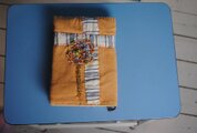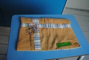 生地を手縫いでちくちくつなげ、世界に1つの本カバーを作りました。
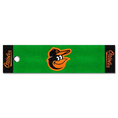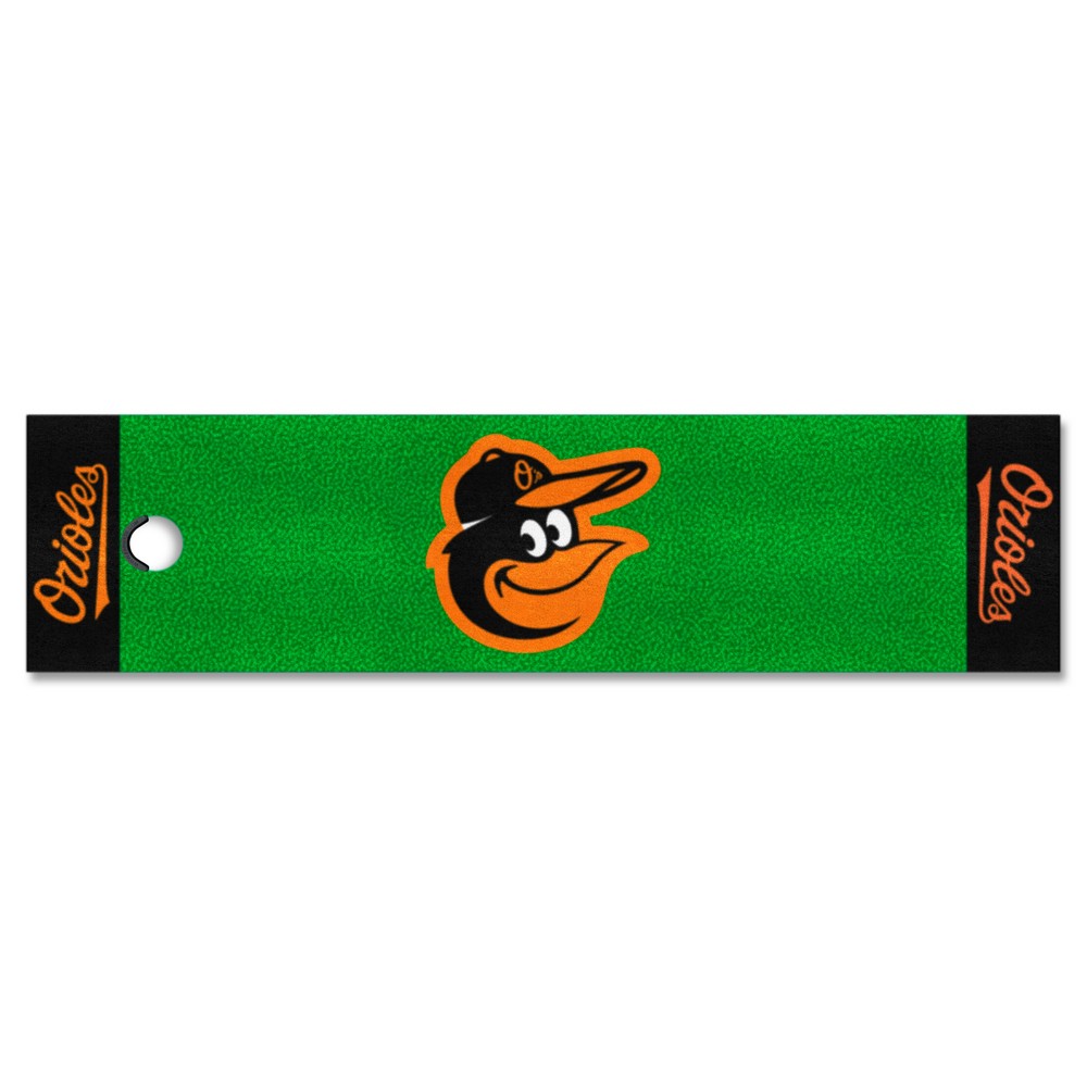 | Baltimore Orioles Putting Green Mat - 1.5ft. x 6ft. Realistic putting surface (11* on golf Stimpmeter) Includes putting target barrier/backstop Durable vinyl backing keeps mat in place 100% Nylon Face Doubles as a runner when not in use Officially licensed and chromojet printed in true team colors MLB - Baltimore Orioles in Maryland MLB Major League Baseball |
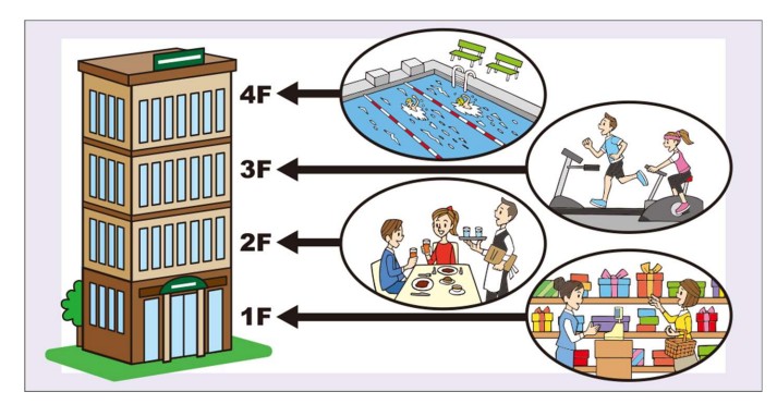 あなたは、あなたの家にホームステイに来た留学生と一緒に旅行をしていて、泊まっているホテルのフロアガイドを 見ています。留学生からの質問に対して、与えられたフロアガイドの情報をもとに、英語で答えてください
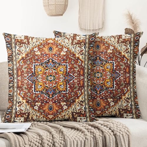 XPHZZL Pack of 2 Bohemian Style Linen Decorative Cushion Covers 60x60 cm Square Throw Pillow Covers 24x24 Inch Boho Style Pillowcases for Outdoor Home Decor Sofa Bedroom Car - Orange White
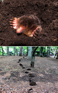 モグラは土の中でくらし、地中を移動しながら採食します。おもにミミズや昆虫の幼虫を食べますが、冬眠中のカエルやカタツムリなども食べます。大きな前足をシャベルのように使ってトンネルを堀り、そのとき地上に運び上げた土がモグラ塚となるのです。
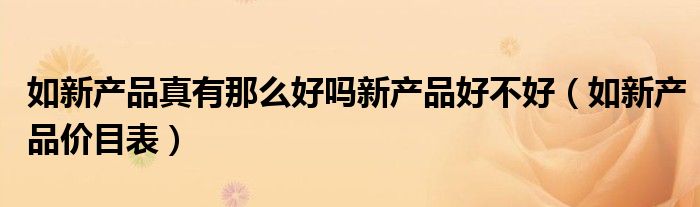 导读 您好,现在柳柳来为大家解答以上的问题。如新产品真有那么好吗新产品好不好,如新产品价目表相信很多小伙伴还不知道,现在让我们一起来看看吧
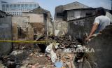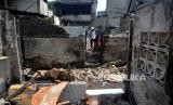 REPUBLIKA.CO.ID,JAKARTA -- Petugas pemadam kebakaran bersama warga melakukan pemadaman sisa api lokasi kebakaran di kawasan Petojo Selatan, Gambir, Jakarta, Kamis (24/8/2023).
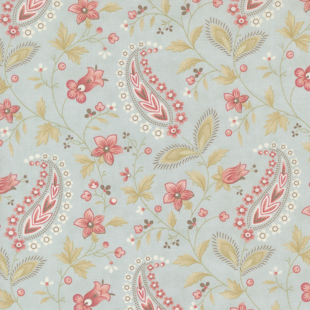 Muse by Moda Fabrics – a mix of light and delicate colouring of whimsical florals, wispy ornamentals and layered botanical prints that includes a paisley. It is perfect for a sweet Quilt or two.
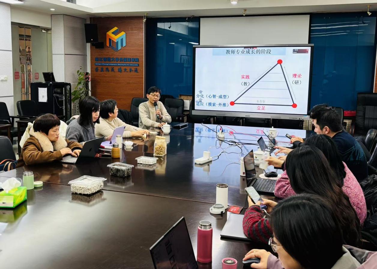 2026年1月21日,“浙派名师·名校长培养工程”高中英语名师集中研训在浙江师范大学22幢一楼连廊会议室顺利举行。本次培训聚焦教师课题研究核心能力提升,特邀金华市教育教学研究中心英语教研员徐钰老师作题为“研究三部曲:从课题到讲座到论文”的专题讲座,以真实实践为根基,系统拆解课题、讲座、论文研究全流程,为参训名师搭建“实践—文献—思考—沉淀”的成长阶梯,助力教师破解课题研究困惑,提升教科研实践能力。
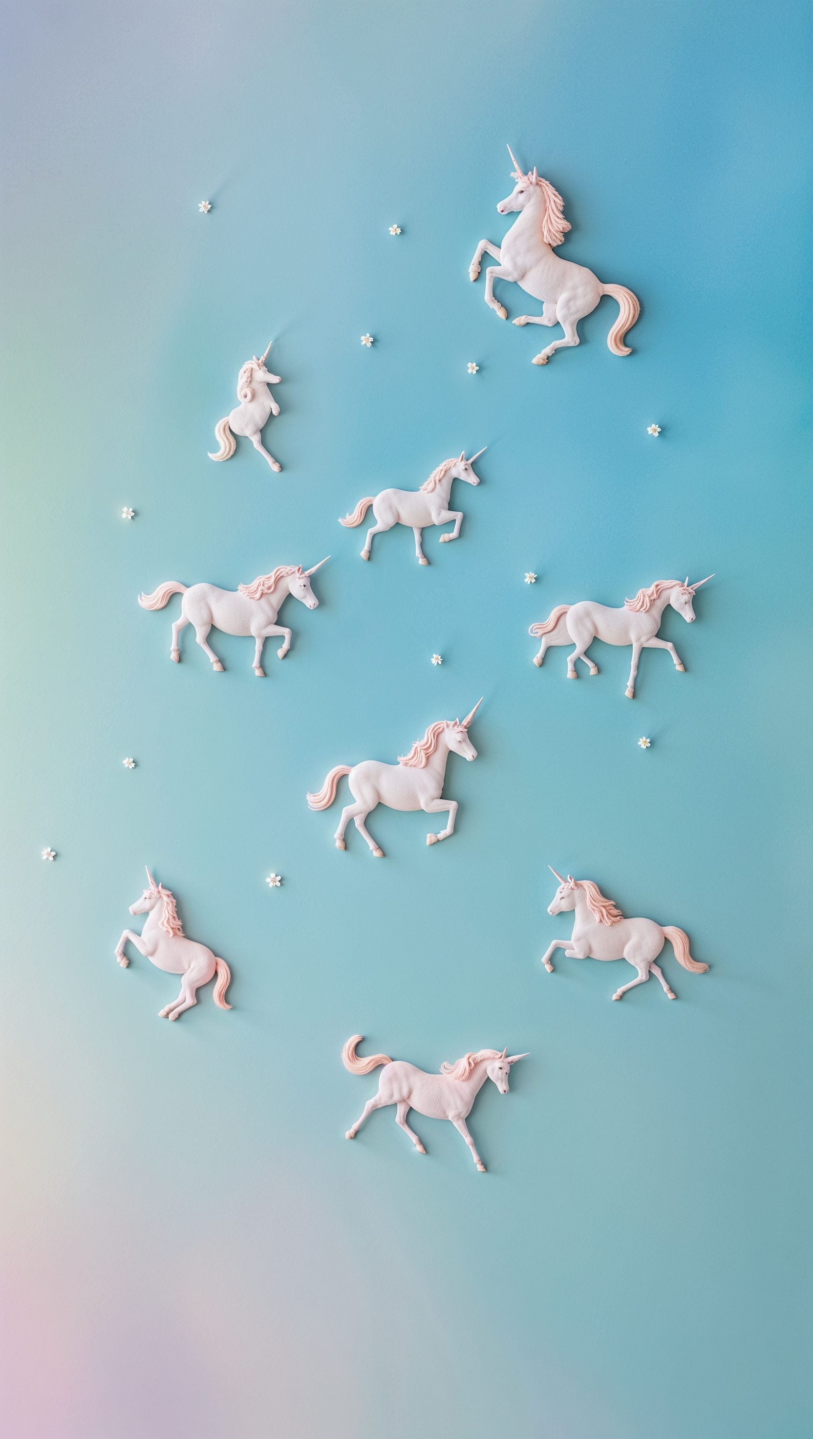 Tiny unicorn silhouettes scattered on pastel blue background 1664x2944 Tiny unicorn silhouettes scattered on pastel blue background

==

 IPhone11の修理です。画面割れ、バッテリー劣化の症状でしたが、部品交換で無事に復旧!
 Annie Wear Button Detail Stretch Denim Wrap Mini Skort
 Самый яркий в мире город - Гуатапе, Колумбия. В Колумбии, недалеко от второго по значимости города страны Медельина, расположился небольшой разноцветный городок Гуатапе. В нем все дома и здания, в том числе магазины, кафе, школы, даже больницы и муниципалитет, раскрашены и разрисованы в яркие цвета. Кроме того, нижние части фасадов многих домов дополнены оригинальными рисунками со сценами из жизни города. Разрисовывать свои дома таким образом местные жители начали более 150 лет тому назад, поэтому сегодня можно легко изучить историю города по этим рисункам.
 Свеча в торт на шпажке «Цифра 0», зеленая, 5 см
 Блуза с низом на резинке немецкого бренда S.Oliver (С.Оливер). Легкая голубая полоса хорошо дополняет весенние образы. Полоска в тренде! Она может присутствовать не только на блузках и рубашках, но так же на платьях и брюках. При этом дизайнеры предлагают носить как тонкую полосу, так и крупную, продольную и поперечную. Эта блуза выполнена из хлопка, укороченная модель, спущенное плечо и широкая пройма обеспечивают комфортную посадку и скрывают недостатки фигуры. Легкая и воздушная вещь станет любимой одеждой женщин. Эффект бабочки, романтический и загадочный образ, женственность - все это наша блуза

**WORK INSTRUCTION**
Word for word, restate the lines above from the one with "生地を手縫いでちくちくつなげ、世界に1つの本カバーを作りました。" through the one with "XPHZZL Pack of", keeping both ends and dropping the pictures.

**TASK OUTPUT**
 生地を手縫いでちくちくつなげ、世界に1つの本カバーを作りました。
 | Baltimore Orioles Putting Green Mat - 1.5ft. x 6ft. Realistic putting surface (11* on golf Stimpmeter) Includes putting target barrier/backstop Durable vinyl backing keeps mat in place 100% Nylon Face Doubles as a runner when not in use Officially licensed and chromojet printed in true team colors MLB - Baltimore Orioles in Maryland MLB Major League Baseball |
 あなたは、あなたの家にホームステイに来た留学生と一緒に旅行をしていて、泊まっているホテルのフロアガイドを 見ています。留学生からの質問に対して、与えられたフロアガイドの情報をもとに、英語で答えてください
 XPHZZL Pack of 2 Bohemian Style Linen Decorative Cushion Covers 60x60 cm Square Throw Pillow Covers 24x24 Inch Boho Style Pillowcases for Outdoor Home Decor Sofa Bedroom Car - Orange White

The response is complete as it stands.